INFORMATION PROVIDED:
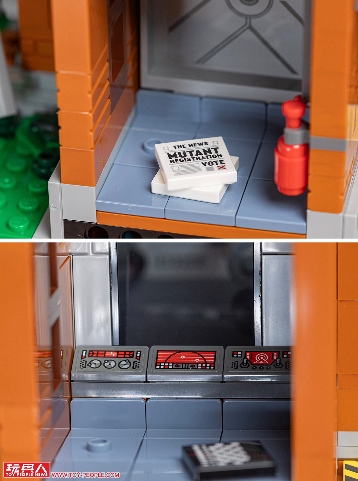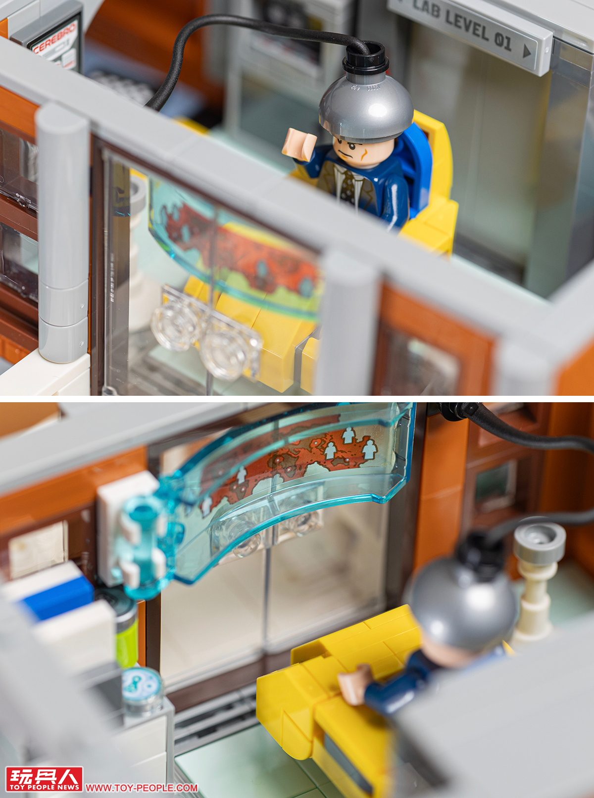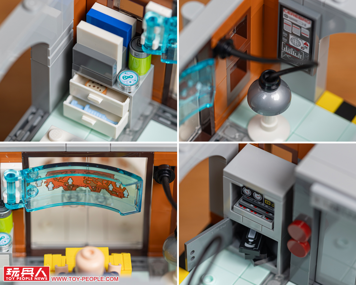 ▼ 轉了一圈也能發現這座建築在許多地方都設置了具備十字插孔的零件,方便搭配透明件、人偶展現生動戰鬥場面,其做法就跟復仇者大廈極為類似。
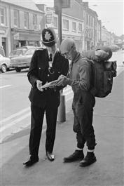 G.B. WALES. Bangor. A walking tourist seeks direction from the local policeman.
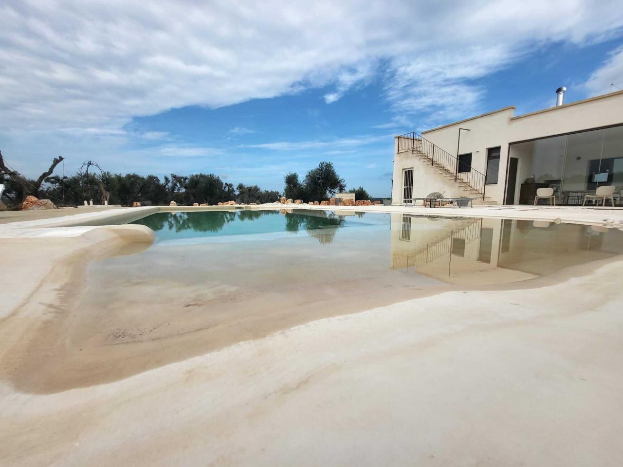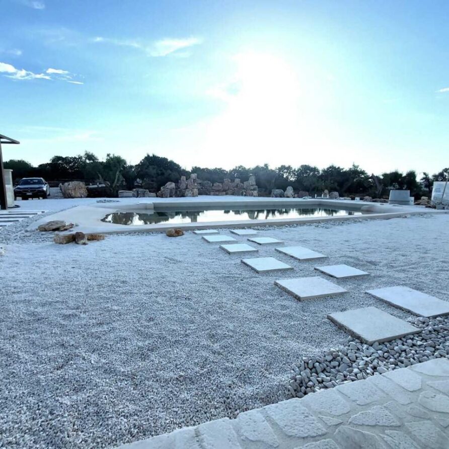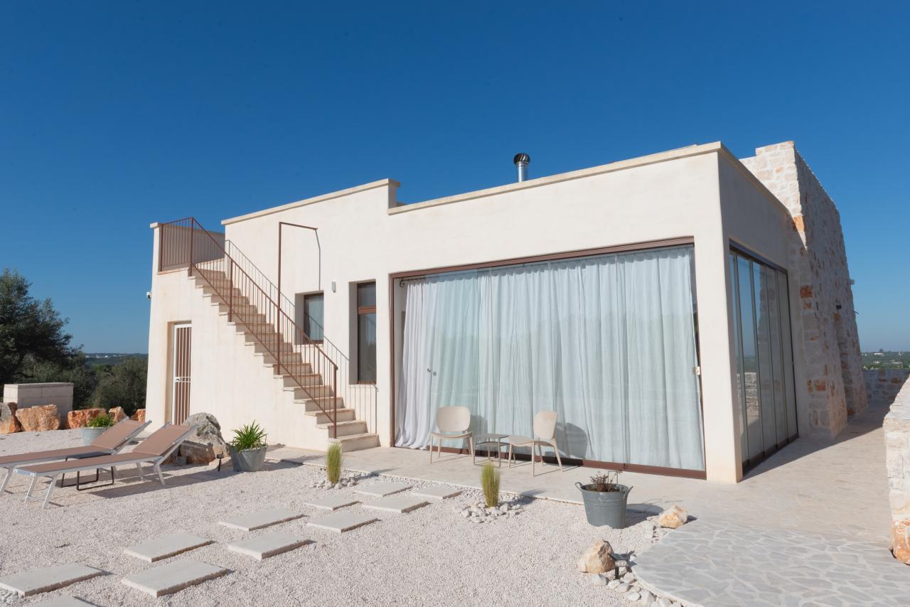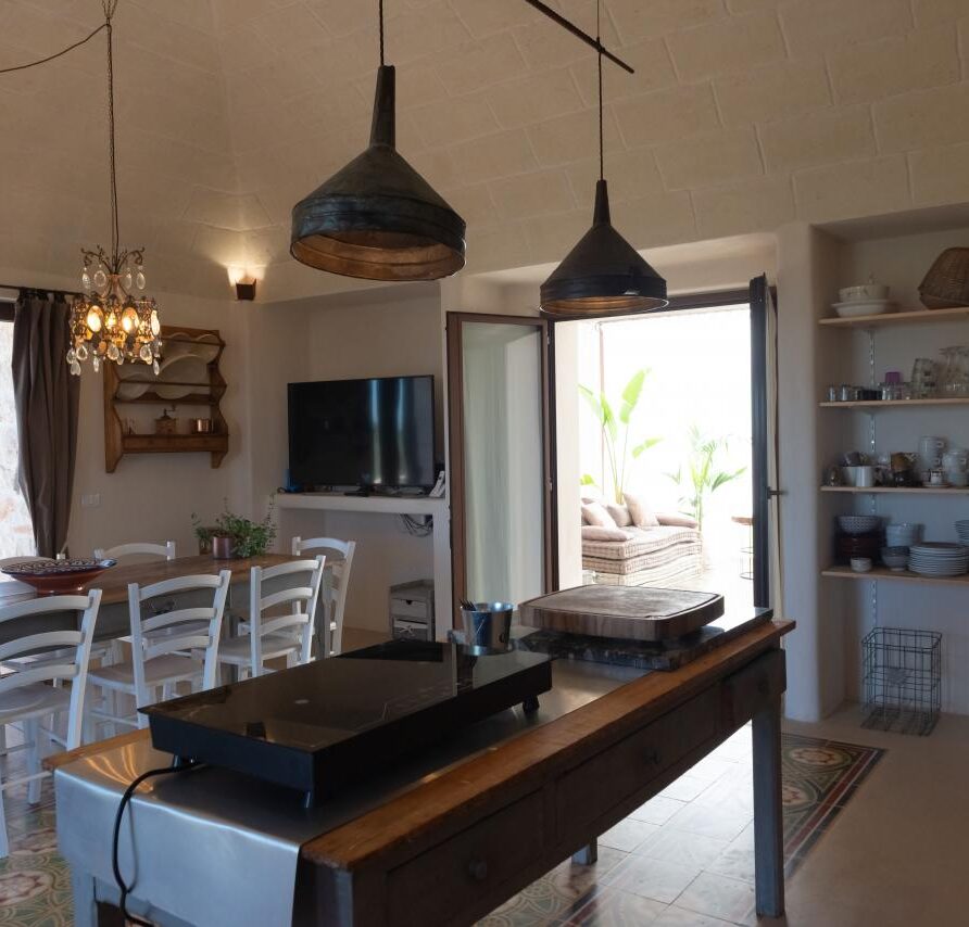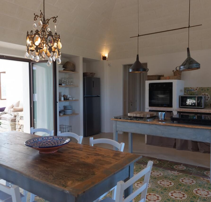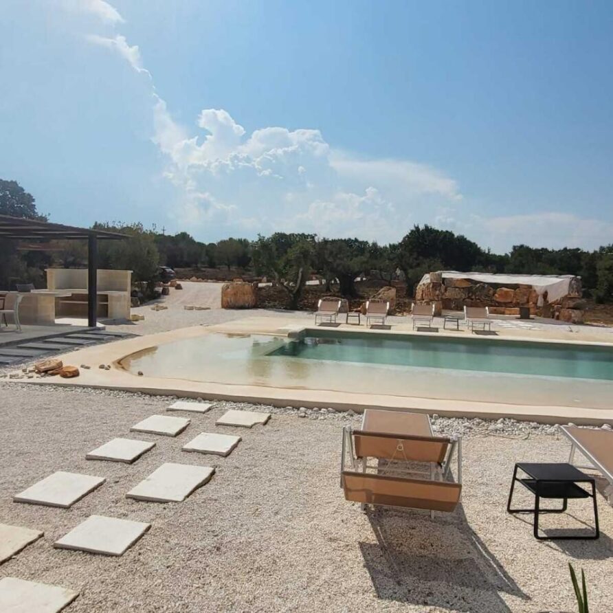 In the heart of the Itria Valley in the Ostuni countryside, we find this magnificent detached villa with an infinity pool. Our red soil gives way to a white limestone paving that occupies much of the garden, adjoining the house and framing the pool. The property’s impressive and tasteful interiors are exquisitely crafted and designed. The brand-new furnishings create the perfect ambiance for the spacious living area, where large windows overlook the magnificent pool next to the pool. The kitchen is fully equipped, and the sleeping area features four double bedrooms and four bathrooms. The entire property can comfortably accommodate eight people. We are delighted to host you and ensure you experience a dream vacation.

EXERCISE AIM: Everything in the listing, except its images, should be set down exactly.

ANSWER:
 ▼ 轉了一圈也能發現這座建築在許多地方都設置了具備十字插孔的零件,方便搭配透明件、人偶展現生動戰鬥場面,其做法就跟復仇者大廈極為類似。
 G.B. WALES. Bangor. A walking tourist seeks direction from the local policeman.
 In the heart of the Itria Valley in the Ostuni countryside, we find this magnificent detached villa with an infinity pool. Our red soil gives way to a white limestone paving that occupies much of the garden, adjoining the house and framing the pool. The property’s impressive and tasteful interiors are exquisitely crafted and designed. The brand-new furnishings create the perfect ambiance for the spacious living area, where large windows overlook the magnificent pool next to the pool. The kitchen is fully equipped, and the sleeping area features four double bedrooms and four bathrooms. The entire property can comfortably accommodate eight people. We are delighted to host you and ensure you experience a dream vacation.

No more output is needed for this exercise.